First of all, we have to show that $\frac{2^n+1}{3}$ is a factor of $$\binom{2^n}{2}-1=\frac{2^n(2^n-1)}{2}-1=\frac{2^{2n}-2^n-2}{2}$$

To show this, we consider

$$(2^n+1)^2-3(2^n+1)=2^{2n}+2\cdot 2^n+1-3\cdot2^n-3=2^{2n}-2^n-2$$

So, $\binom{2^n}{2}-1$ is divisble by $2^n+1$ and therefore by $\frac{2^n+1}{3}$.

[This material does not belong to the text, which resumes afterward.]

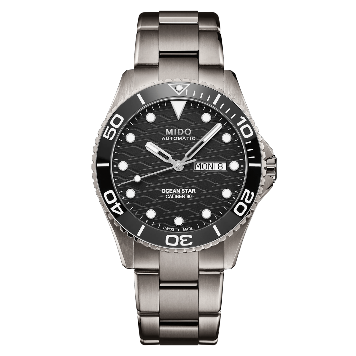 The Mido Ocean Star 200C Titanium 42.5mm is a high-performance diving watch combining lightweight comfort with robust Swiss engineering. Crafted in titanium with a ceramic bezel, it features a bold black dial with applied indexes for excellent legibility in all conditions. Powered by a Mido Automatic ETA movement (Caliber 6583) with up to 80 hours of power reserve, it includes practical day and date functions. With 200m water resistance and a screw-down crown, this Swiss-made timepiece delivers durability, precision, and everyday wearability.

But $(\frac{2^n+1}{3})^2>\frac{2^{2n}+2^n+1}{9}$

Since $9$ is a factor of $\binom{2^n}{2}-1$ for odd $n$ (and $n$ must be odd, otherwise $\frac{2^n+1}{3}$ is not an integer) , there cannot be a larger prime factor $p$ because we would have $$3^2\cdot \frac{2^n+1}{3}\cdot p>2^{2n}+2^n+1>\frac{2^{2n}-2^n-2}{2}$$

To show that $9$ is a factor of $2^{2n}-2^n-2$ (for odd n), which implies that $9$ is a factor of $\binom{2^n}{2}-1$ , we consider that $2^n\equiv 2,5 \ or\ 8\mod 9$. In any case we get $2^{2n}-2^n\equiv 2\mod 9$.